I have a kernel that needs one array of floats (for input) and one array of ints (for labels), should I still use AT_DISPATCH_FLOATING_TYPES?

  1. does this line mean only floats will be marshalled to cuda kernel? or is it just specifying the scalar_t?

    AT_DISPATCH_FLOATING_TYPES(X.type(), “lltm_forward_cuda” …
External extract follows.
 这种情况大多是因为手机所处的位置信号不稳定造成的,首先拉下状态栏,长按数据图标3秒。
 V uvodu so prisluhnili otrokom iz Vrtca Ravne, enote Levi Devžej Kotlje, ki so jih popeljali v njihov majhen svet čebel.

  2. Please correct me if I am wrong: The integral types (int, bool, …) I guess need no special treatment

P.S. it looks like both lines 123 and 157 pass “lltm_forward_cuda” as the second argument, that does not seem right if it is for debugging

2 Likes

Re 1: AT_DISPATCH_FLOATING_TYPES will do float and double automatically.
You specify the dispatch for the type of X. When you have an int-Tensor-argument Y, it’ll be the same. You cannot pass an int-Tensor as X here.
If you want half, there also is a _AND_HALF version.
Re 2: You don’t get any special treatment of these and would have to do it on your own.
Probably using backward in the second string is better.

Best regards

Thomas

3 Likes

Hello If anybody will be looking for it now there are multpple at dispatch macros here

1 Like

@tom, @dashesy Hey, what does _AND_HALF do? So is there still no way to mix tensor types when you give them to the CUDA kernel (long and float)
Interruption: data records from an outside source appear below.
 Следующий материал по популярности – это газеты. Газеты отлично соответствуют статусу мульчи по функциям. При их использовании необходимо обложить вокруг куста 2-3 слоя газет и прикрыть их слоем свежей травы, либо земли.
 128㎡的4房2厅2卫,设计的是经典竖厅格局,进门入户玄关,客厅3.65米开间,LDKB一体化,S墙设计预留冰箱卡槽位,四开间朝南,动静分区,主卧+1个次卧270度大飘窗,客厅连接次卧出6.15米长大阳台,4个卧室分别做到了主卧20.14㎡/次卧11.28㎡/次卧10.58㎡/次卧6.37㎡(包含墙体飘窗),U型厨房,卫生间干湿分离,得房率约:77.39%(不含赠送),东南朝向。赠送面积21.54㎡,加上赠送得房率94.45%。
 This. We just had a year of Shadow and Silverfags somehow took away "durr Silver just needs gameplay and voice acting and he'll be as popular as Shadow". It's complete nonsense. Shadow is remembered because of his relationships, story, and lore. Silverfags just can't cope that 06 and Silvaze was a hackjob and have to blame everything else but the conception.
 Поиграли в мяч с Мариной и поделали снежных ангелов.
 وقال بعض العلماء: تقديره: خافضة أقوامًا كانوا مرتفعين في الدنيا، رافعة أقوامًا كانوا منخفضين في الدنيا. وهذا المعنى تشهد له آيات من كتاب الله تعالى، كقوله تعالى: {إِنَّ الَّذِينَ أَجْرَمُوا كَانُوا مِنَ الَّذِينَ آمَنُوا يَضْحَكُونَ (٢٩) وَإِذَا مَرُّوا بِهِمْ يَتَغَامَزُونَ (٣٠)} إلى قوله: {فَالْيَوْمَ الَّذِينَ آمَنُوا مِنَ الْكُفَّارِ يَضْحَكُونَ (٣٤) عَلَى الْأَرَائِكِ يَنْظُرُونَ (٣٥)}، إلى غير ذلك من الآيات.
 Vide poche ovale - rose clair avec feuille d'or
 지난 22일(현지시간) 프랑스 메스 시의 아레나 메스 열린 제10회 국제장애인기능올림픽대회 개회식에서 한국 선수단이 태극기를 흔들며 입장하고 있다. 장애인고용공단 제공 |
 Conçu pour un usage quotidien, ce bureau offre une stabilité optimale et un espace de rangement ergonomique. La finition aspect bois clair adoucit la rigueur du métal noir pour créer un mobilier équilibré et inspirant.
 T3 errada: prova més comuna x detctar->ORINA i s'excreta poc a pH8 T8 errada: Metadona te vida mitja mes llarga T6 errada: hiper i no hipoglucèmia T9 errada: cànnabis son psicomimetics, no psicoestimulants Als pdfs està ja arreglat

@Jakub_Mitura Did you figure out, which one is the right one? Any Dispatchers of the form AT_DISPATCH_CASE_ALL_TYPES_AND_... seem to be candidates.

No, this is not for mixing types, but for quite a while the default floating point types were FP32 and FP64, so _AND_HALF adds FP16 (and maybe BF16?) support.
Given that each dtype produces a separate kernel (with C++ templating) there is not built-in mechanism for mixing two kernels (I did make that manually for CTC if I recall correctly, due to CuDNN wanting 32 bit ints and PyTorch defaulting to 64 bit ints). These really are just a switch statement, so you could easily make your own, but beware of the explosion of the number of kernels.

Best regards

Thomas

1 Like

@tom First of all, thank you for your answer. To clarify my statement: I do not want to mix different kernels but just mix the dtypes of the arguments: An example

If all the inputs are of long type, the following would work:

    AT_DISPATCH_INTEGRAL_TYPES(at::ScalarType::Long,"Some long error message", [&] {
      some_cuda_kernel<scalar_t><<<blocks, threads>>>(
        some_long_tensor.packed_accessor<scalar_t,2,torch::RestrictPtrTraits,size_t>(),
       .... 
      );
      }
    );

where I have used the packed_accesor.

If I only have float tensors, the following works

  AT_DISPATCH_FLOATING_TYPES(at::ScalarType::Float,"Some floating error message", [&] {
    some_cuda_kernel<scalar_t><<<blocks, threads>>>(
      some_float_tensor.packed_accessor<scalar_t,2,torch::RestrictPtrTraits,size_t>(),
     .... 
    );
    }
  );

How do I dispatch a kernel that takes both some_long_tensor and some_float_tensor?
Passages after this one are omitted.